Range to copy from the entries below: the line containing "现在,通过实现拦截器的逻辑以" through the line containing "Aus Aussagen, wissenschaftlicher", inclusive. Retype only those lines, exactly, without any images.

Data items
[Start of Attachment]

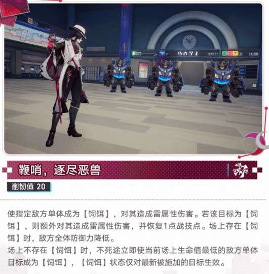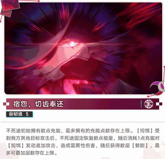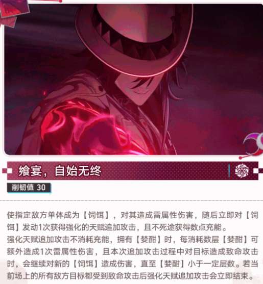3、终结技:造成500%攻击力雷伤并标记【饲饵】,获得2点充能,立即发动强化天赋追加攻击。
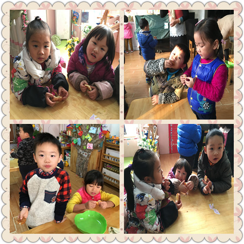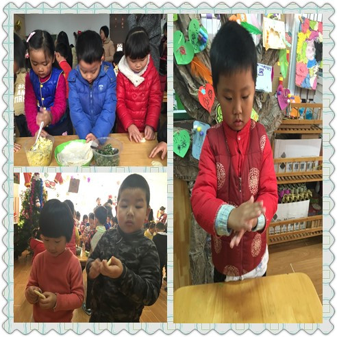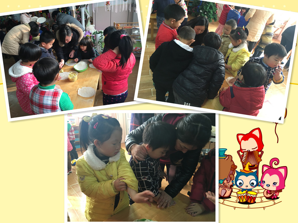 在小朋友和家长们的期盼中,12月31日,我们班组织了“元旦庆祝”活动。本次活动从上9:00开始,一直到11:00结束,我们将此活动与我国北方传统美食——油饼、春卷相结合,让小朋友们在认识、感知节日的同时,了解传统习俗,自己动手制作、品尝。也请到我们班的家长与小朋友们一起感受新年的节日气氛。
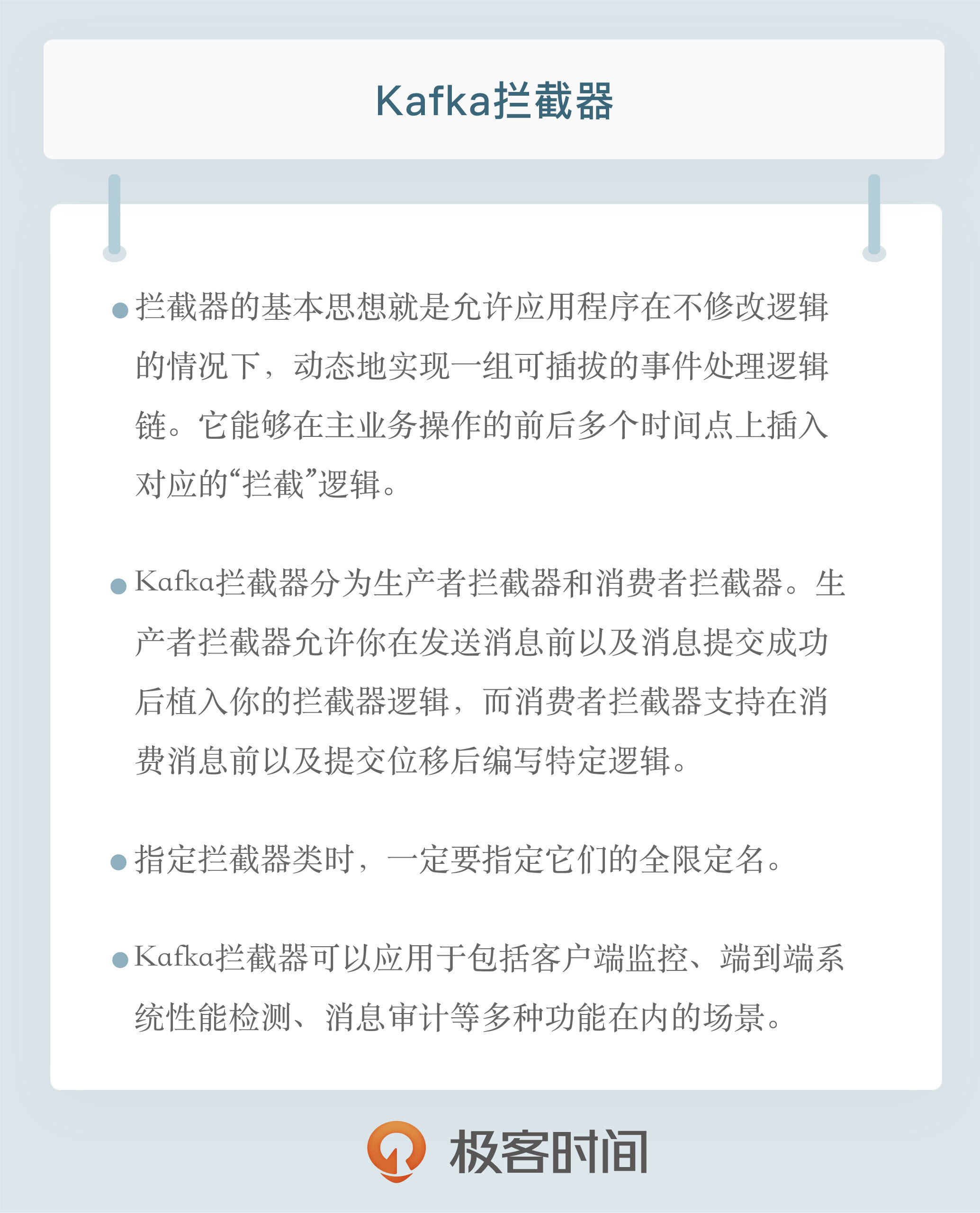 现在,通过实现拦截器的逻辑以及可插拔的机制,我们能够快速地观测、验证以及监控集群间的客户端性能指标,特别是能够从具体的消息层面上去收集这些数据。这就是Kafka拦截器的一个非常典型的使用场景。
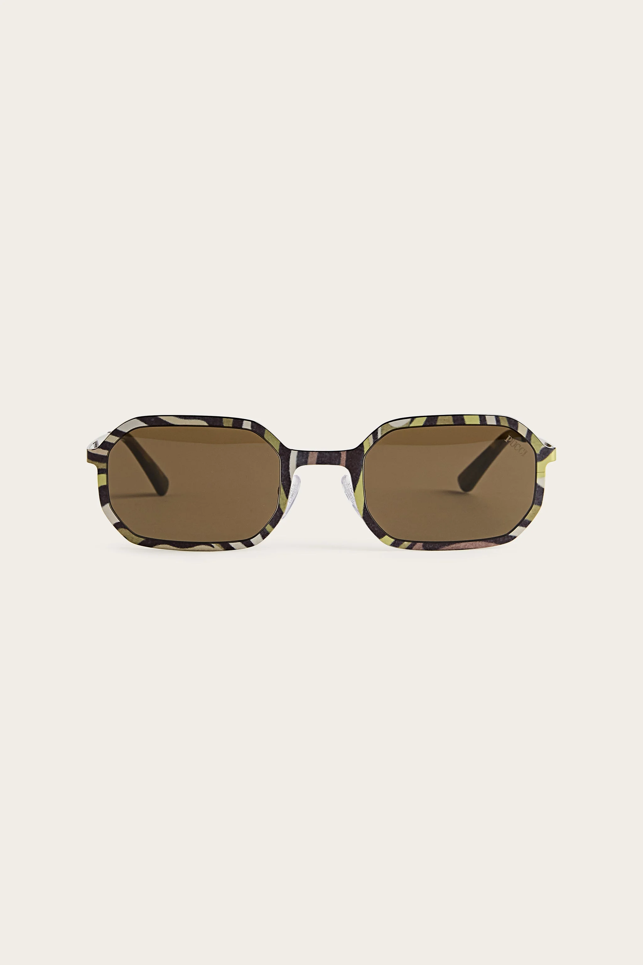 These sunglasses stand out for their geometric lens shape and lightweight metal frame, entirely decorated with a Pucci archive print. The graphic effect is modern yet sophisticated, enhanced by thin temples and acetate tips. The result is an accessory with a bold personality and unmistakable style. - Animal and Brown - Geometric printed metal frame - Size: 52 - Solid color lenses - Adjustable nose pads - Made in China - ID: EP0248M005299E
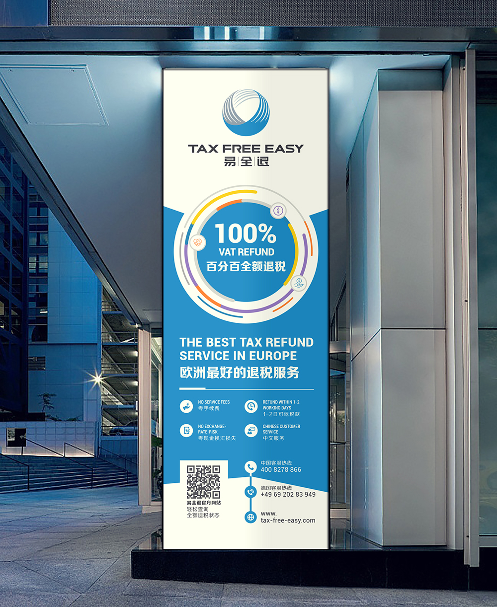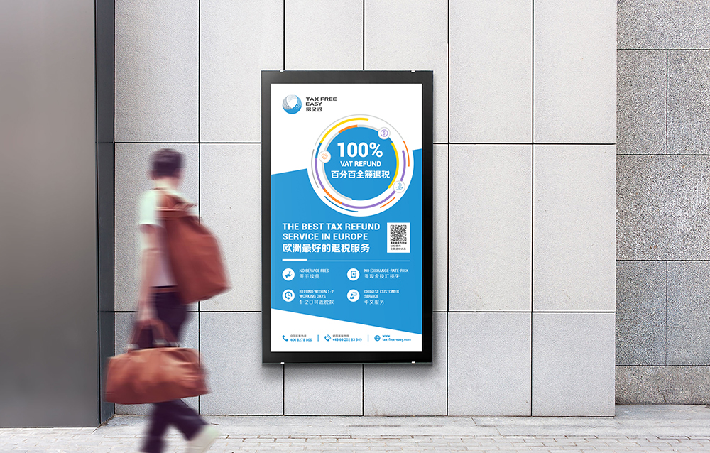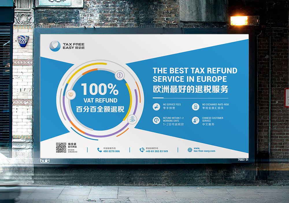 易全退 TAX FREE EASY 是德国易游 TRAVELEASY 公司旗下全额退税服务产品。是欧洲退税金额比例最高,汇率保障最好以及退税流程最快捷的退税服务。同官方合作伙伴支付宝一起,我们致力于为欧洲游客提供最佳的境外消费体验。
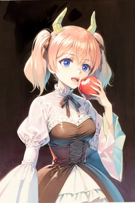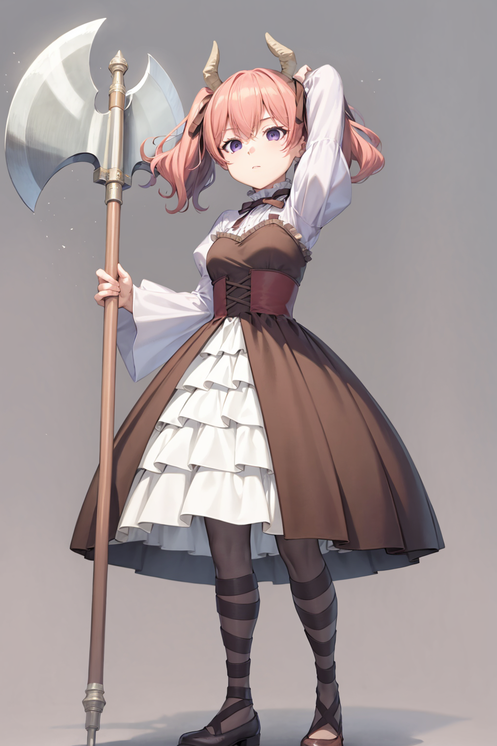 tag:1girl,horns, pink hair,twintails,hair,ribbon,bow,purple eyes,juliet sleeves, long sleeves, brown dress,corset,pantyhose,
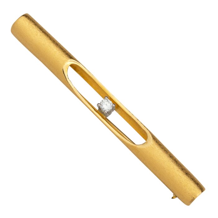 Moderne Stabbrosche in 14-karätigem Gelbgold. Das handgearbeitete Schmuckstück ist satiniert und mittig offen. In der Öffnung funkelt ein Brillant von 0,04 ct. in Krappenfassung.
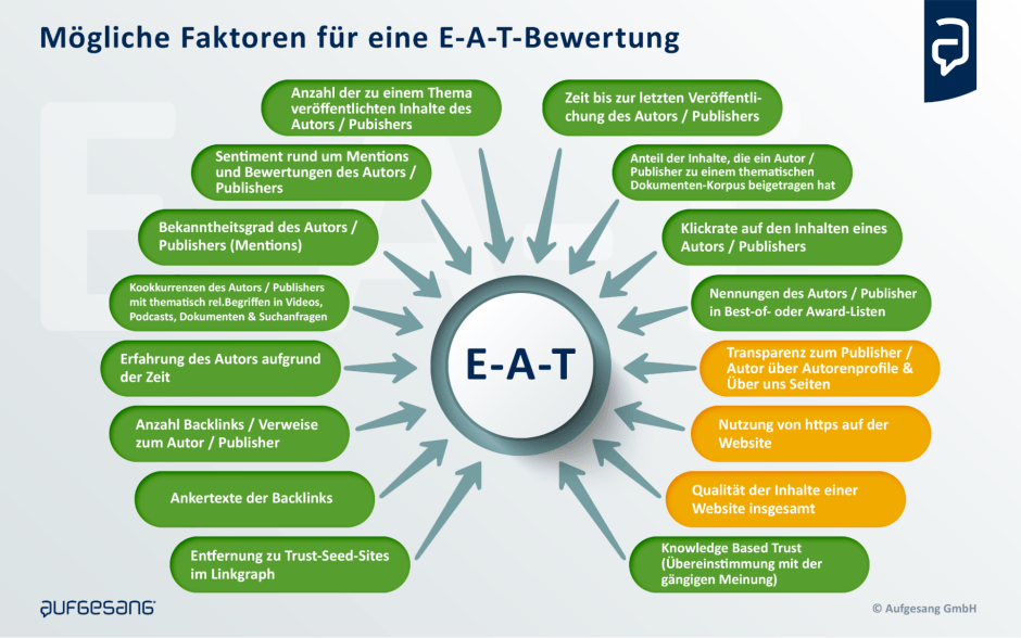 Aus Aussagen, wissenschaftlicher Arbeiten und Patenten von Google konnte ich einige der möglichen Signale zur Bewertung von E-A-T und damit der Marke ableiten:
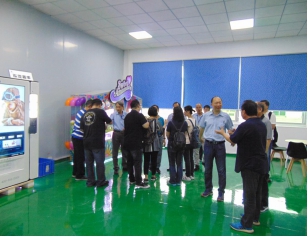 會后徐常董、吳常董及各運營總監(jiān)一起陪同各來訪領(lǐng)導(dǎo)到生產(chǎn)現(xiàn)場參觀考察;現(xiàn)場了解制造沖壓自動化機械手運用情況,及量測實驗室精密量測設(shè)備的使用情況;隨后,又參觀了販賣機、糖果機、咖啡機生產(chǎn)車間,從中整體了解了自動售賣系列產(chǎn)品的運行及后期維護情況,蔡會長及各企領(lǐng)導(dǎo)還現(xiàn)場體驗試用咖啡機及糖果機的效果。
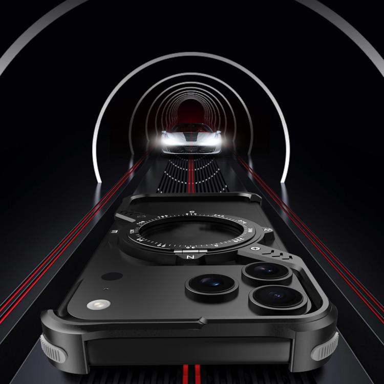 Funda metálica MagSafe sin marco para iPhone 17 Pro, con soporte 360°, forma de S, con airbag (naranja)
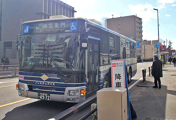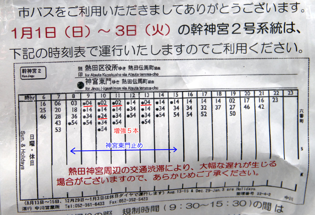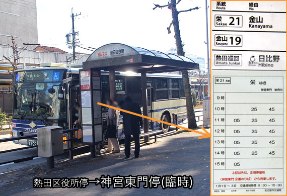 以下,過去の正月三が日臨時輸送の様子を,栄21号系統神宮東門発着増強便を中心に紹介します.

[End of Attachment]

* Result of the exercise *
 现在,通过实现拦截器的逻辑以及可插拔的机制,我们能够快速地观测、验证以及监控集群间的客户端性能指标,特别是能够从具体的消息层面上去收集这些数据。这就是Kafka拦截器的一个非常典型的使用场景。
 These sunglasses stand out for their geometric lens shape and lightweight metal frame, entirely decorated with a Pucci archive print. The graphic effect is modern yet sophisticated, enhanced by thin temples and acetate tips. The result is an accessory with a bold personality and unmistakable style. - Animal and Brown - Geometric printed metal frame - Size: 52 - Solid color lenses - Adjustable nose pads - Made in China - ID: EP0248M005299E
 易全退 TAX FREE EASY 是德国易游 TRAVELEASY 公司旗下全额退税服务产品。是欧洲退税金额比例最高,汇率保障最好以及退税流程最快捷的退税服务。同官方合作伙伴支付宝一起,我们致力于为欧洲游客提供最佳的境外消费体验。
 tag:1girl,horns, pink hair,twintails,hair,ribbon,bow,purple eyes,juliet sleeves, long sleeves, brown dress,corset,pantyhose,
 Moderne Stabbrosche in 14-karätigem Gelbgold. Das handgearbeitete Schmuckstück ist satiniert und mittig offen. In der Öffnung funkelt ein Brillant von 0,04 ct. in Krappenfassung.
 Aus Aussagen, wissenschaftlicher Arbeiten und Patenten von Google konnte ich einige der möglichen Signale zur Bewertung von E-A-T und damit der Marke ableiten:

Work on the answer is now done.